For a slasher about students achieving their full potential, Student Body doesn’t heed its own message. Writer/director Lee Ann Kurr’s feature debut about hormonal teens and blacksmith mascots belabors its less horrific John Hughes vibes, aiming for Diablo Cody taking a crack at writing Nickelodeon’s first splatter flick. It’s not exactly subtle, nor does it care to shock us with exceptional surprises, but maybe that’ll be all aces for younger audiences. Indies like Tragedy Girls or Dance of the Dead hog all the horror-homeroom pep while Student Body is left trying to rally, although it’s a smidge slicker than something exhaustively paint-by-numbers such as Into The Dark’s School Spirit.

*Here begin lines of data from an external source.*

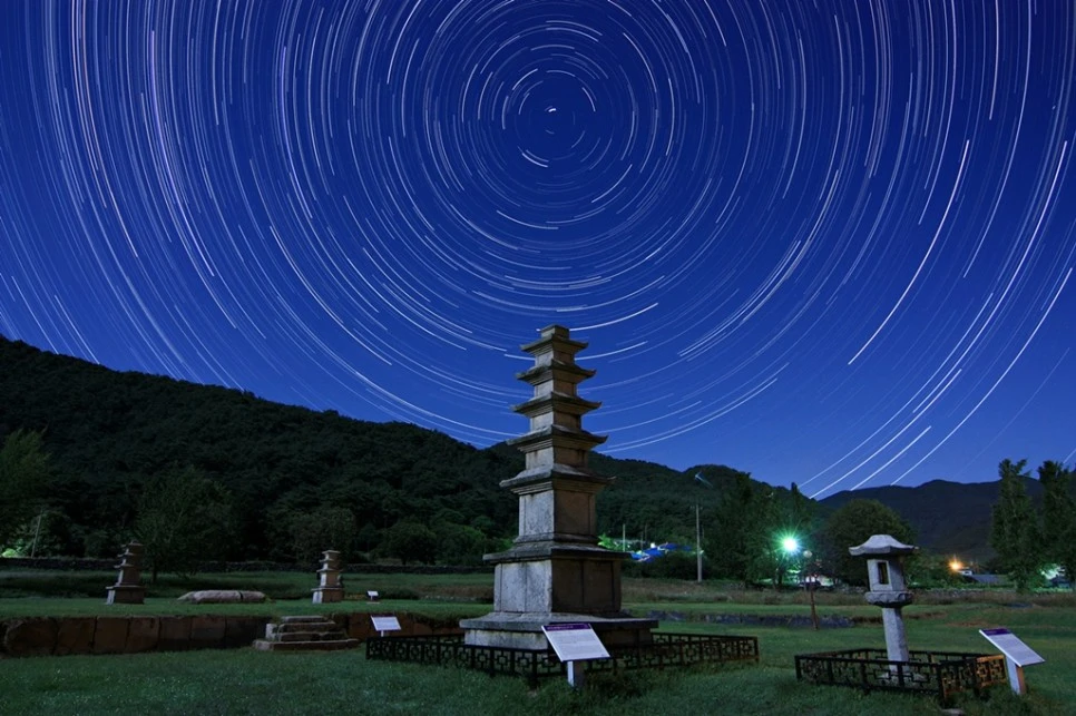 천체 사진의 종류 중 하나인 일주 사진을 볼 때 북극성을 중심으로 동심원을 그려나가는 별들이
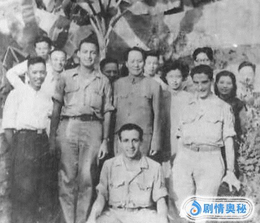 重庆谈判期间,毛主席与美国第十四航空总部的士兵们合影。
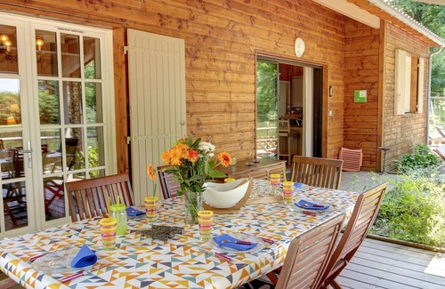 This chalet, entirely built in wood both inside and outside and labelled “Gîte de France 4 épis”, is nestled in a green setting by a private pond.
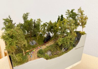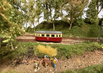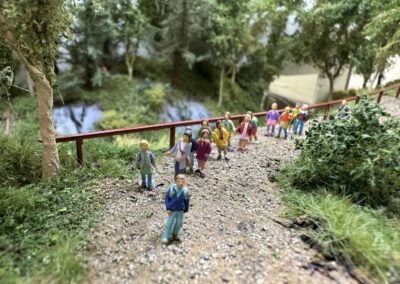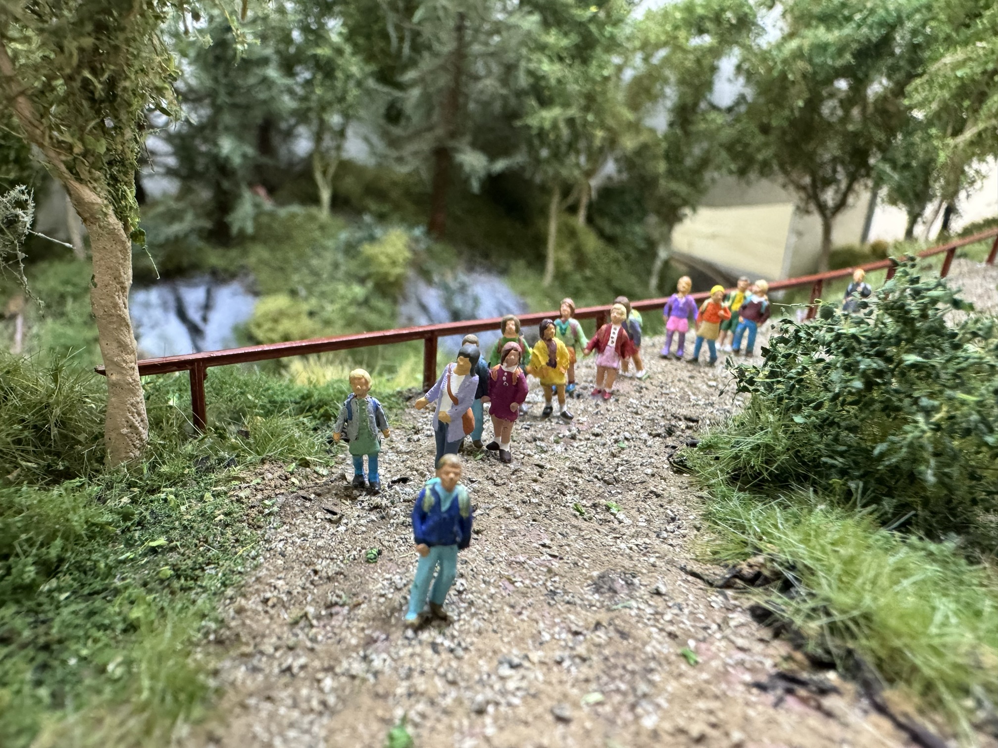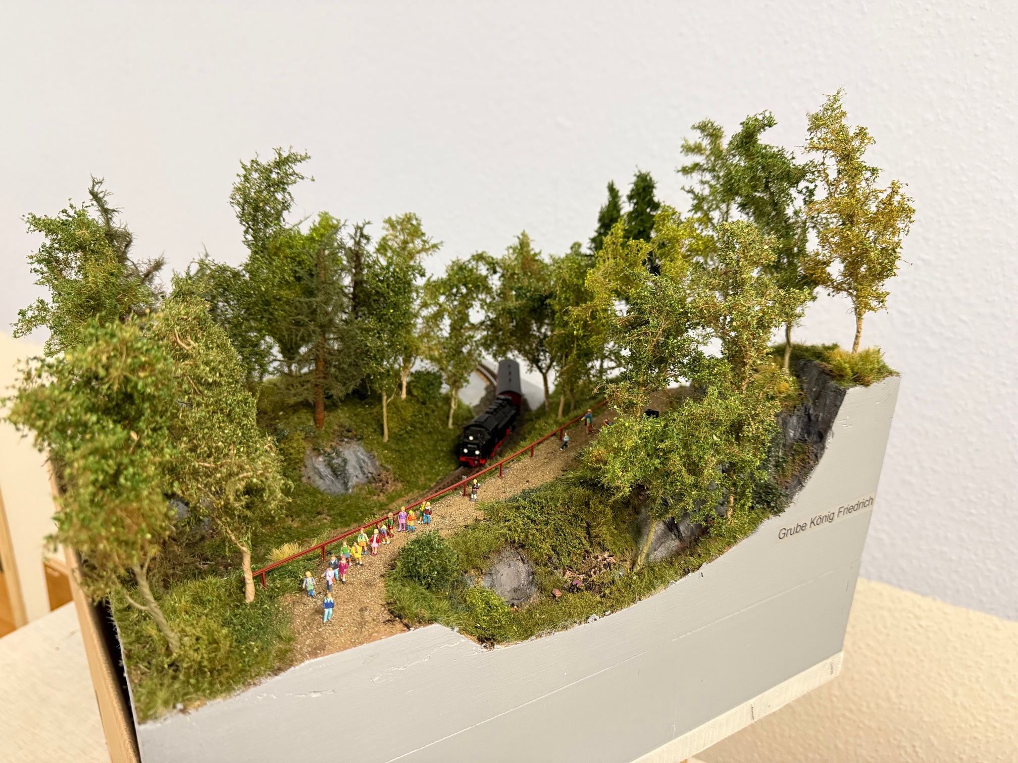 Der Anlagenteil „Grube König Friedrich“ bildet die Kurve zurück in den Schattenbahnhof. Der Bahnparallelweg, der im Original auch parallel zur Bahnlinie verläuft und auch schon auf den anderen beiden Modulen immer mal wieder zu sehen war, führt hier an dem Mundloch des Bergwerkes „Grube König Friedrich“ vorbei. Eine Schulklasse wandert den Weg lang. Ob sie das Bergwerk aus dem 17.-18. Jahrhundert besichtigt haben oder doch lieber mit der Eisenbahn fahren wollen?
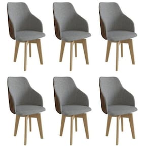 Kit 6 Cadeiras Couríssimo e Linho para Sala de Jantar Anne Yescasa Cinza/Marrom
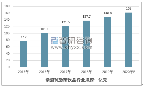2015-2020年中国常温乳酸菌饮品行业规模情况
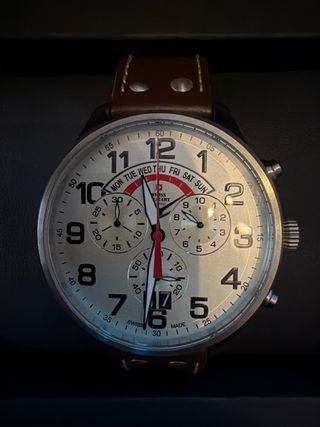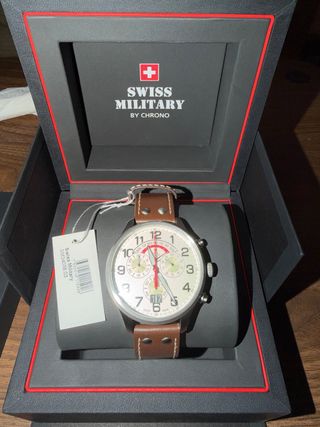 Reloj Swiss Military by Chrono SM34038.03 (Swiss Made). Solo abierto para verificar, sin uso. Caja 48 mm, cronógrafo con Ronda Mastertech 8040 (1/10s) + día retrógrado + big date. WR 100 m. Correa piel marrón. Incluye: caja, documentación/manual y etiqueta (ver fotos). Estado: como nuevo / sin uso (muestro en vídeo y fotos de detalle). Envío solo por Wallapop (portes incluidos). Por seguridad, solo a perfiles con valoraciones/historial. Vídeo previo de estado/funcionamiento + accesorios + embalaje; recomiendo grabar unboxing. Devolución solo por Wallapop y si vuelve el mismo artículo, completo y en el mismo
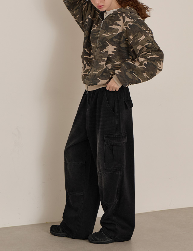 가인루 절개 카고 데님 밴딩 팬츠 85324
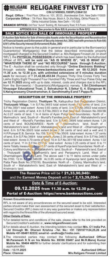 Trichy Registration District, Thottiyam Tk, Kattuputhur Sub Registration District, Tholurpatti Village. 1.In S.F.No. 349/3 total extent Acres 1.92 cents of land, 2.In S.F.No.350/1 total extent Acres 0.83 cents of land. 3.In S.F.No.350/2 total extent Acres 0.40 cents of land, 4.In S.F.No.350/3 in that New Sub Division No.350/38 Ac.0.27 cents of land. 1 to 4 items of Ayan Punja land boundaries: North of Marimuthu's land, South of Munsif's Families land, East of-Mahalakshmi's land and West of Munsif's Families land. 5. In S.F.No. 349/6 total extent Acres 1.29 cents of land BOUNDARIES: North of Manmuthu's land, South of Mahalakshmi's land. East of-Mahalakshmi's land and West of -Dharmalingam's land. 6. in S.F.No. 350/5 total extent Acres 1.56 cents of land and a well and 5 H.P.Pumpet E.B. Service No. 159, 7.In S.F.No.350/6 total extent Acres 1.37 cents of land, 8. in S.F.No.348/4 total extent Acres 2.38 cents of land, 9.In S.F.No. 348/3 total extent Acres 0.79 cents of land, 10. In S.F.No.351/18 total extent Acres 1.02 cents of land, 11.In S.F.No. 351/1A total extent Acres 0.25 cents of land. 6 to 11 iterns Totally measuring Acres 7.37 cents of AyanPunja land boundaries: North of-Colony and Marimuthu's, Mahalakshmi's land, South of Palaniand's land, East of
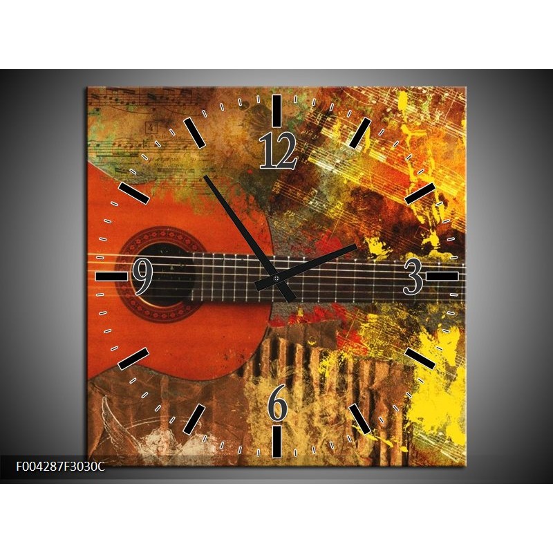 Klok schilderij Gitaar | Rood, Oranje, Geel | 30x30cm 1Luik
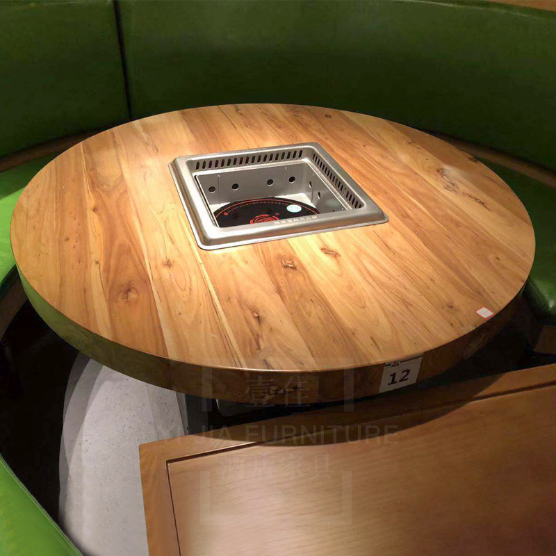 New Chinese old elm wood solid wood hot pot table induction stove integrated intelligent smoke-free purifying equipment Hotpot table and chairs group
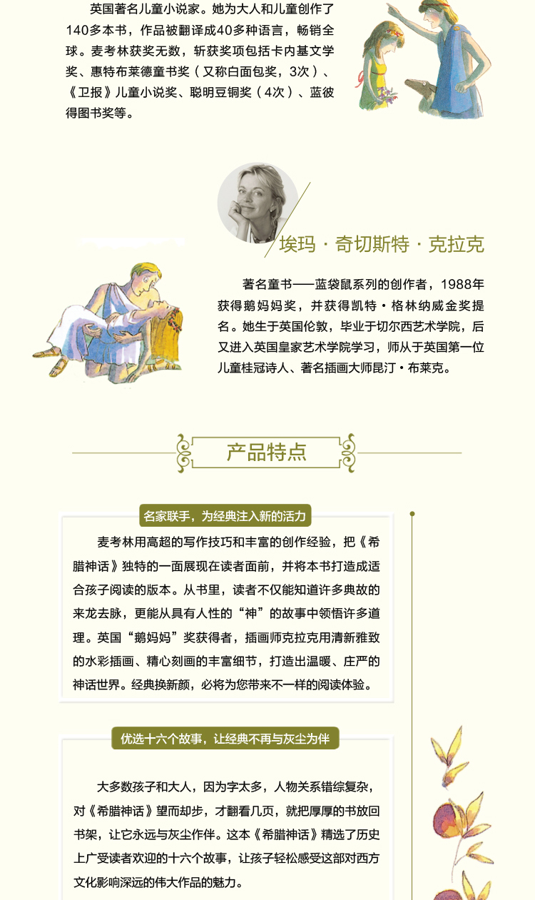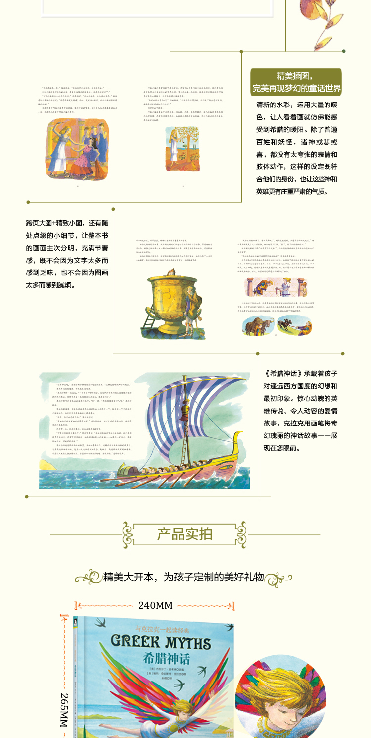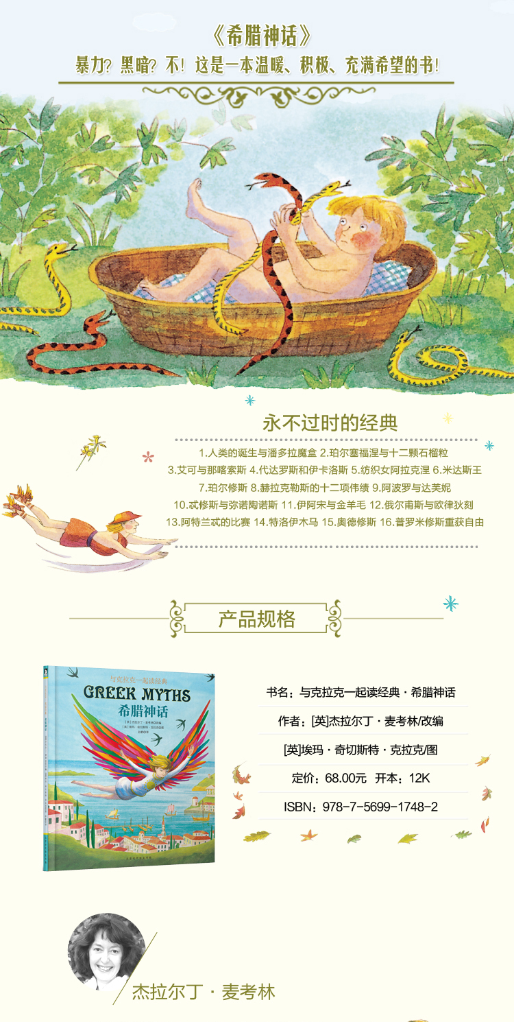 《希腊神话》收录了16个备受欢迎的希腊经典神话故事,包括《代达罗斯和伊卡洛斯》《伊阿宋与金羊毛》《特洛伊木马》等。故事简明扼要,对一些繁复的情节进行了适当删减,适合6-12岁的儿童阅读。作者对故事娓娓道来的叙述,配上色彩明快的插图,使小读者们爱不释手。
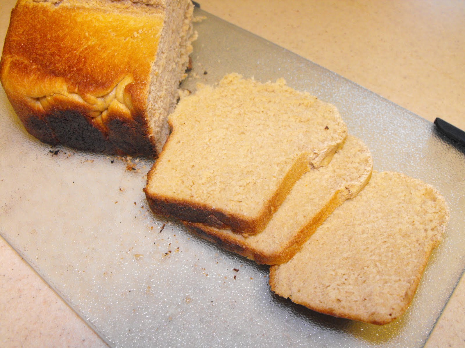 After the bread cooled, I sliced one of the loaves. The bread was moist and cooked all the way through. I quickly took some photos because I wanted to try a slice. The butter melted quickly and the taste....was fabulous.
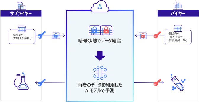 化学業界サプライチェーンでは、サプライヤーとバイヤーは、ともに開発に関する生データ(配合条件、加工条件、測定・分析結果など)を秘匿しながら定性的情報を主としてやり取りする「すり合わせ」作業を通じて、化学製品などの取引を行っています。一方で、多様化するニーズや開発サイクルの短縮化、人手不足を背景としたR&D活動の効率化を求める動きなどにより、「すり合わせ」作業の回数削減や高度化の実現が課題となってきています。こうした流れの中でR&D活動であるMI(マテリアルズインフォマティクス)※1の活用が進む中、各企業の有する様々なデータの中から、効率よく必要なデータを見つけ、MIで簡単に処理できるようデータそのものを加工する技術へのニーズが高まっています。

Jane Shipley (Montse Hernandez) is a prep school star who’d rather hang with popular bestie Merritt Sinclair (Cheyenne Haynes) than apply herself. Mathematics instructor Mr. Aunspach (Christian Camargo) confronts Jane over her wasted intellect—something about Jane being a “hammer” who does the work and Merritt’s cronies being “fiddlers” who squander larger purposes. Jane counters by accusing Mr. Aunspach of harassment, which leads to his termination. Allendale’s halls are now safe for slackers who sneak in on weekends to raid hidden stashes of teacher’s whiskey—or so Jane and her gang assume until mascot “Anvil Al” starts caving skulls with mighty swings.
Student Body only focuses on five teens when it matters, limiting slasher kill sequences. Kurr establishes dynamics of jealousy, secret crushes and general disobedience before the blood spills, which takes its time and then underwhelms through sheer volume. Jane, Merritt, anti-establishment photographer Ellis (Anthony Keyvan), athletic aggressor Nadia (Harley Quinn Smith) and pint-sized goofball Eric (Austin Zajur) scurry in typical panic. With only a few bodies to count, there needs to be more than one-hit cranium smashes with a steel weapon. It’s a slasher, but one hindered by its shallow roster and limited effects (especially what little can be shown on camera).